> DATA UNDER STUDY:
──────────────────────────────
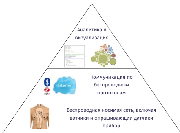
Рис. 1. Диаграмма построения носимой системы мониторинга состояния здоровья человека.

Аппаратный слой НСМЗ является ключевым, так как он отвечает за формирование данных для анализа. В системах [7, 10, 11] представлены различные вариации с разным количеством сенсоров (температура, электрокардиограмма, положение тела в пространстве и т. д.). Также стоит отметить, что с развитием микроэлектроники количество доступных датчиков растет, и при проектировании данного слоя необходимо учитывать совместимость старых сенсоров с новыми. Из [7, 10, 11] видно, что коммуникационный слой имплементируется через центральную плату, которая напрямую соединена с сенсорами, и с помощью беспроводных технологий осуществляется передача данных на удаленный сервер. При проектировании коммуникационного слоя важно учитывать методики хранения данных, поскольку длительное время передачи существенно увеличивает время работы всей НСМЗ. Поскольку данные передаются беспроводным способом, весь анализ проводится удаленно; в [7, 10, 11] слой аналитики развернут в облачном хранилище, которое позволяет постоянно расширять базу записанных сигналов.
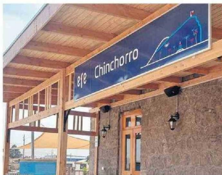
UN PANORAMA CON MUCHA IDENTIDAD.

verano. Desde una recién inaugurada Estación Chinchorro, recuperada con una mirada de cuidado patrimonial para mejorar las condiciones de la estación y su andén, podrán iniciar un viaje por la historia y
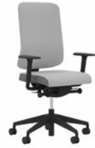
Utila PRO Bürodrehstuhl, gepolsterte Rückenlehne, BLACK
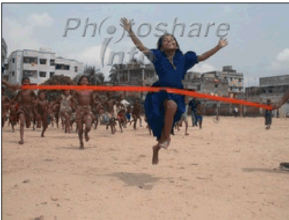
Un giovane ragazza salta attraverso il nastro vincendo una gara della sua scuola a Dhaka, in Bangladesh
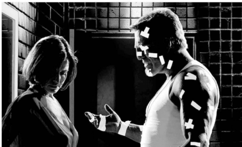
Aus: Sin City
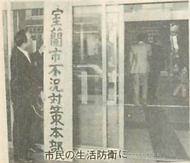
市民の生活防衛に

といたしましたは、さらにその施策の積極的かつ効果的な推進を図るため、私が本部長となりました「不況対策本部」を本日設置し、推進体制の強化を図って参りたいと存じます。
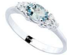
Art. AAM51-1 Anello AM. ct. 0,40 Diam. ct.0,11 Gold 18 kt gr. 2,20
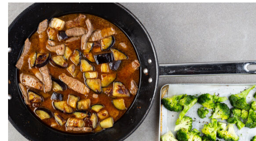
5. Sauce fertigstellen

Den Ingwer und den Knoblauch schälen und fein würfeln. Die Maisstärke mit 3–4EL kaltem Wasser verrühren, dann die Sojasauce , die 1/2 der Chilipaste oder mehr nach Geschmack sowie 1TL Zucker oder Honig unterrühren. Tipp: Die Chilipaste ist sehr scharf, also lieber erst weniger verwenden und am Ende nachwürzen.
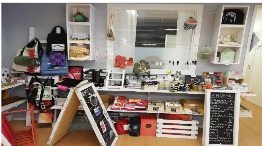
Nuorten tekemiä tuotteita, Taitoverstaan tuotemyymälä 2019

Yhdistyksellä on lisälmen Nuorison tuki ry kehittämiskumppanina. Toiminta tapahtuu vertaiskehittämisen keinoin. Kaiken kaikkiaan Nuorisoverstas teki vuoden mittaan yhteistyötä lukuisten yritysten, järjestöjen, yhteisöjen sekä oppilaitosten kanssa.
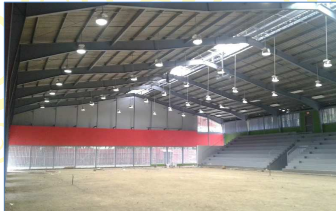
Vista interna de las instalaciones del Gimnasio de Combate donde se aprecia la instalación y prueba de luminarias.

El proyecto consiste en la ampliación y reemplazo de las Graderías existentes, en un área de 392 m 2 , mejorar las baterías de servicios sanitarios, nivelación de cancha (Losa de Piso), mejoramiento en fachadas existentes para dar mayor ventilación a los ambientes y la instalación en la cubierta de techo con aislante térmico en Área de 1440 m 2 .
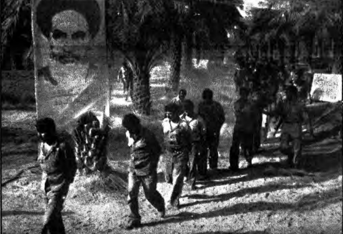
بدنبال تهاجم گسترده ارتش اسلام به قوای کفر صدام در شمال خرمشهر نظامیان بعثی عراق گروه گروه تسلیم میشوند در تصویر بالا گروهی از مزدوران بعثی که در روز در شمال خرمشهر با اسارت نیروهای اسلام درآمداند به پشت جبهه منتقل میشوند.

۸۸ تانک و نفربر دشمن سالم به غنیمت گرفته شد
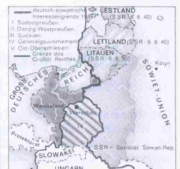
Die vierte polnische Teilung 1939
──────────────────────────────
> TASK STATEMENT:
A verbatim copy of the data, pictures removed, is the expected result.

> WRITTEN ANSWER:
Рис. 1. Диаграмма построения носимой системы мониторинга состояния здоровья человека.

Аппаратный слой НСМЗ является ключевым, так как он отвечает за формирование данных для анализа. В системах [7, 10, 11] представлены различные вариации с разным количеством сенсоров (температура, электрокардиограмма, положение тела в пространстве и т. д.). Также стоит отметить, что с развитием микроэлектроники количество доступных датчиков растет, и при проектировании данного слоя необходимо учитывать совместимость старых сенсоров с новыми. Из [7, 10, 11] видно, что коммуникационный слой имплементируется через центральную плату, которая напрямую соединена с сенсорами, и с помощью беспроводных технологий осуществляется передача данных на удаленный сервер. При проектировании коммуникационного слоя важно учитывать методики хранения данных, поскольку длительное время передачи существенно увеличивает время работы всей НСМЗ. Поскольку данные передаются беспроводным способом, весь анализ проводится удаленно; в [7, 10, 11] слой аналитики развернут в облачном хранилище, которое позволяет постоянно расширять базу записанных сигналов.
UN PANORAMA CON MUCHA IDENTIDAD.

verano. Desde una recién inaugurada Estación Chinchorro, recuperada con una mirada de cuidado patrimonial para mejorar las condiciones de la estación y su andén, podrán iniciar un viaje por la historia y
Utila PRO Bürodrehstuhl, gepolsterte Rückenlehne, BLACK
Un giovane ragazza salta attraverso il nastro vincendo una gara della sua scuola a Dhaka, in Bangladesh
Aus: Sin City
市民の生活防衛に

といたしましたは、さらにその施策の積極的かつ効果的な推進を図るため、私が本部長となりました「不況対策本部」を本日設置し、推進体制の強化を図って参りたいと存じます。
Art. AAM51-1 Anello AM. ct. 0,40 Diam. ct.0,11 Gold 18 kt gr. 2,20
5. Sauce fertigstellen

Den Ingwer und den Knoblauch schälen und fein würfeln. Die Maisstärke mit 3–4EL kaltem Wasser verrühren, dann die Sojasauce , die 1/2 der Chilipaste oder mehr nach Geschmack sowie 1TL Zucker oder Honig unterrühren. Tipp: Die Chilipaste ist sehr scharf, also lieber erst weniger verwenden und am Ende nachwürzen.
Nuorten tekemiä tuotteita, Taitoverstaan tuotemyymälä 2019

Yhdistyksellä on lisälmen Nuorison tuki ry kehittämiskumppanina. Toiminta tapahtuu vertaiskehittämisen keinoin. Kaiken kaikkiaan Nuorisoverstas teki vuoden mittaan yhteistyötä lukuisten yritysten, järjestöjen, yhteisöjen sekä oppilaitosten kanssa.
Vista interna de las instalaciones del Gimnasio de Combate donde se aprecia la instalación y prueba de luminarias.

El proyecto consiste en la ampliación y reemplazo de las Graderías existentes, en un área de 392 m 2 , mejorar las baterías de servicios sanitarios, nivelación de cancha (Losa de Piso), mejoramiento en fachadas existentes para dar mayor ventilación a los ambientes y la instalación en la cubierta de techo con aislante térmico en Área de 1440 m 2 .
بدنبال تهاجم گسترده ارتش اسلام به قوای کفر صدام در شمال خرمشهر نظامیان بعثی عراق گروه گروه تسلیم میشوند در تصویر بالا گروهی از مزدوران بعثی که در روز در شمال خرمشهر با اسارت نیروهای اسلام درآمداند به پشت جبهه منتقل میشوند.

۸۸ تانک و نفربر دشمن سالم به غنیمت گرفته شد
Die vierte polnische Teilung 1939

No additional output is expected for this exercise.